Work to complete:
Only the lines from the start of the data to the line containing "π New results", both included, should be output, exactly and without pictures.
── Records provided
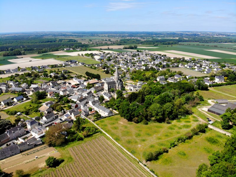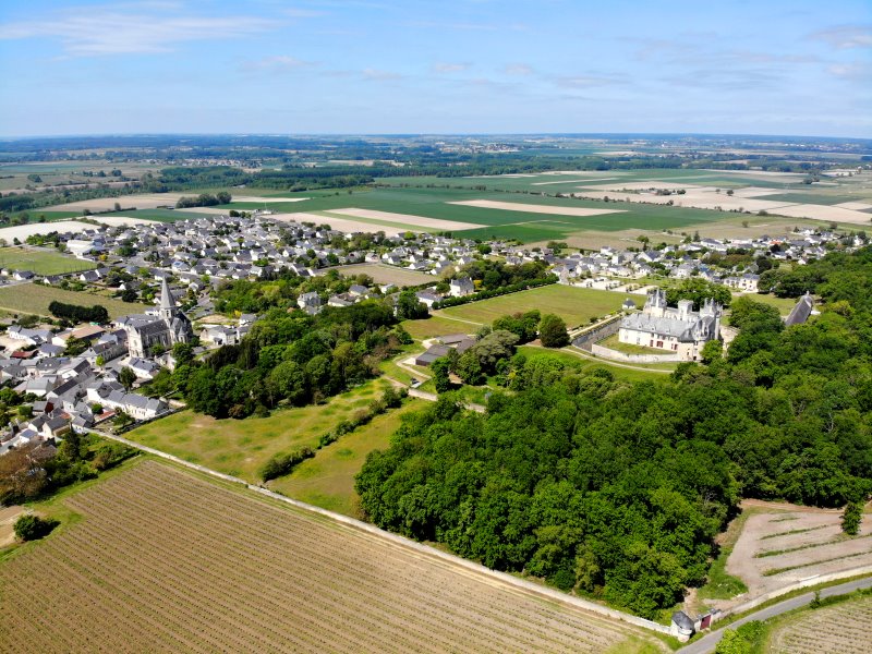 | Bellevigne-les-Châteaux und das Châteaux de Brézé. Frankreich, Département Maine-et-Loire 07.05.2022; Flug Nr. 713 |
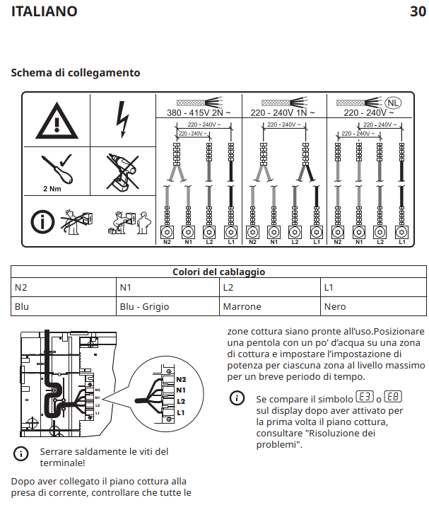 Il vantaggio del collegamento su due fasi è una caduta di tensione molto minore quando il piano funziona a piena potenza
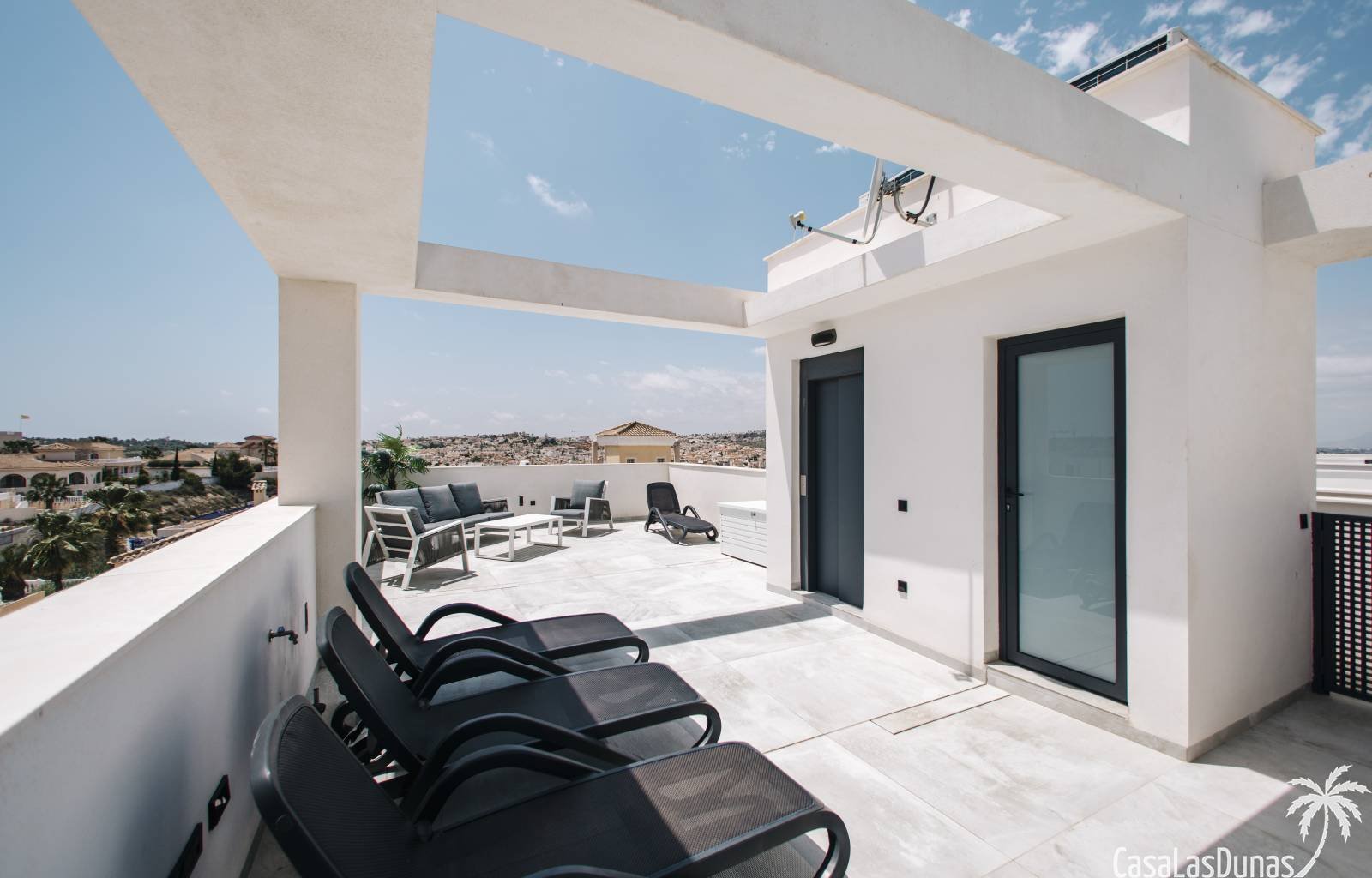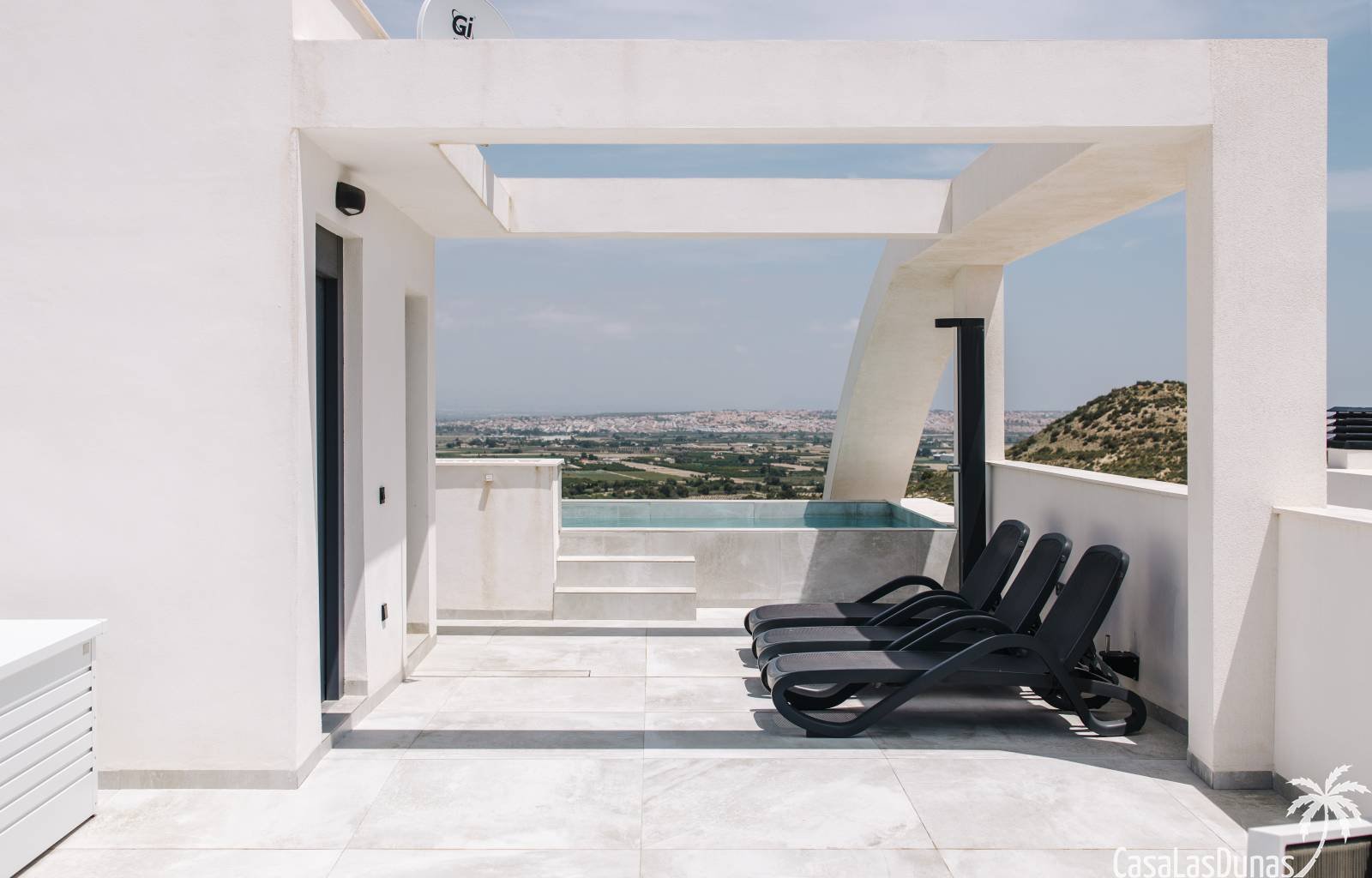 Sie suchen ein großes Haus mit privatem Pool, möchten aber in einer geschlossenen Wohnanlage wohnen? Suchen Sie also nicht weiter: Dieses Projekt ist die Quintessenz aus Raum und Design und befindet sich an einem höheren Punkt im Dorf Rojales, in der Nähe des Golfplatzes Maqrquesa. Die Häuser haben eine einzigartige Raumaufteilung, da Wohnzimmer und Esszimmer/Küche das gesamte Erdgeschoss einnehmen. Dies sorgt für fantastische Ausblicke aus Wohnzimmer und Küche. Vom Wohnzimmer aus gelangen wir auf eine geräumige Terrasse mit einem privaten Swimmingpool für jede Wohnung! Um zu den Zimmern zu gelangen, gehen wir die Innentreppe hinunter. Hier finden wir 4 geräumige Schlafzimmer, 3 Badezimmer, einen Raum für die Waschmaschine und den Boiler und einen Raum, in dem sich die Poolpumpe befindet. Alle Räume verfügen über einen Zugang zu einer Terrasse und bieten somit ausreichend Tageslicht und natürliche Belüftung.…
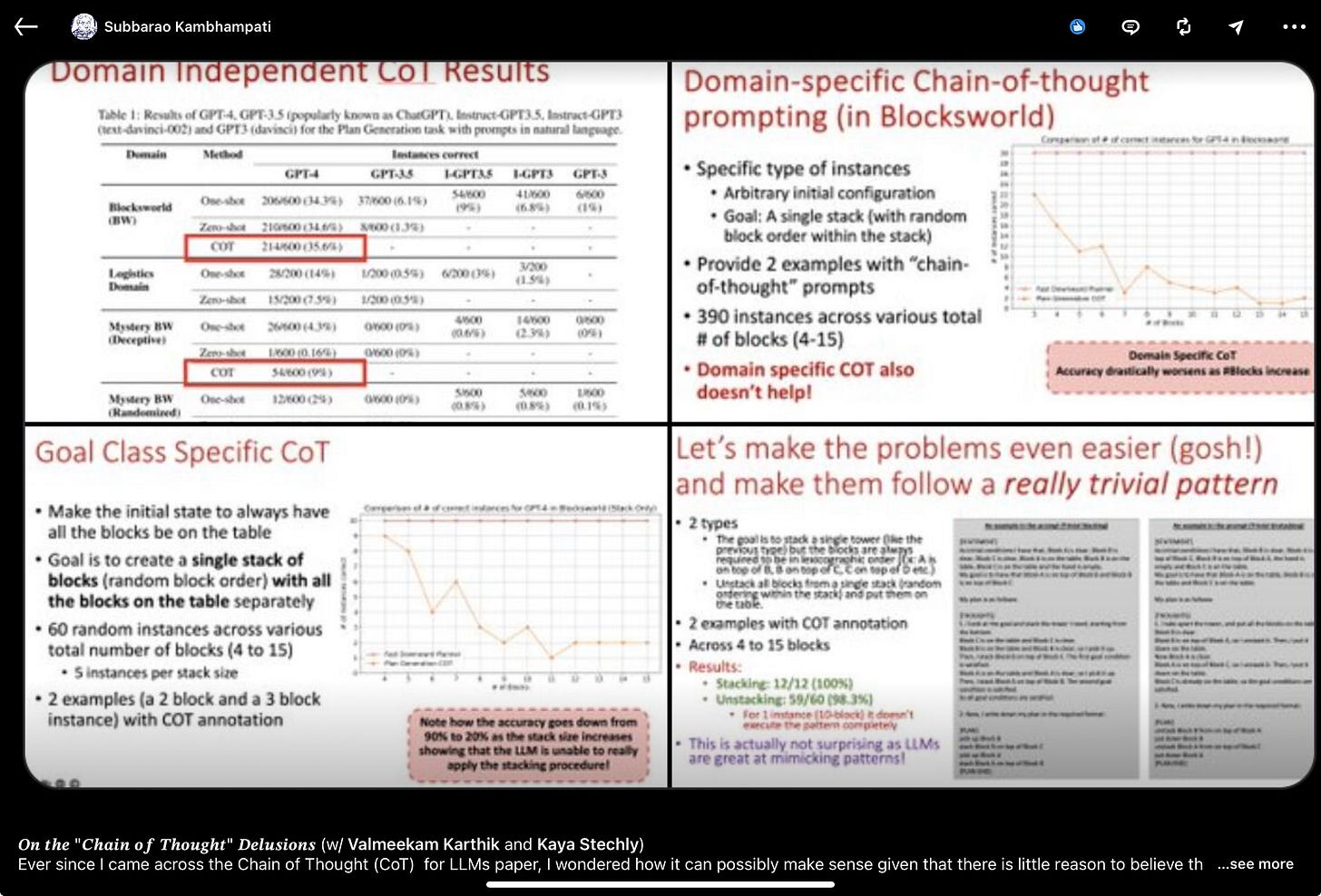 π New results from Subbarao Kambhapati cast doubts on the robustness of chain of thought prompting
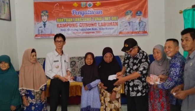 Pemerintah kampung gunung labuhan kecamatan gunung labuhan kabupaten way kanan lampung,kembali salurkan Bantuan Langsung Tunai Dana Desa (BLT -DD) kepada 10 warga KPM sesuai hasil dari muskamsus Triwulan Pertama,penyaluran BLT-DD di laksanakan di balai kampung setempat,kamis 27/03/2025
────
Solution for this problem:
 | Bellevigne-les-Châteaux und das Châteaux de Brézé. Frankreich, Département Maine-et-Loire 07.05.2022; Flug Nr. 713 |
 Il vantaggio del collegamento su due fasi è una caduta di tensione molto minore quando il piano funziona a piena potenza
 Sie suchen ein großes Haus mit privatem Pool, möchten aber in einer geschlossenen Wohnanlage wohnen? Suchen Sie also nicht weiter: Dieses Projekt ist die Quintessenz aus Raum und Design und befindet sich an einem höheren Punkt im Dorf Rojales, in der Nähe des Golfplatzes Maqrquesa. Die Häuser haben eine einzigartige Raumaufteilung, da Wohnzimmer und Esszimmer/Küche das gesamte Erdgeschoss einnehmen. Dies sorgt für fantastische Ausblicke aus Wohnzimmer und Küche. Vom Wohnzimmer aus gelangen wir auf eine geräumige Terrasse mit einem privaten Swimmingpool für jede Wohnung! Um zu den Zimmern zu gelangen, gehen wir die Innentreppe hinunter. Hier finden wir 4 geräumige Schlafzimmer, 3 Badezimmer, einen Raum für die Waschmaschine und den Boiler und einen Raum, in dem sich die Poolpumpe befindet. Alle Räume verfügen über einen Zugang zu einer Terrasse und bieten somit ausreichend Tageslicht und natürliche Belüftung.…
 π New results from Subbarao Kambhapati cast doubts on the robustness of chain of thought prompting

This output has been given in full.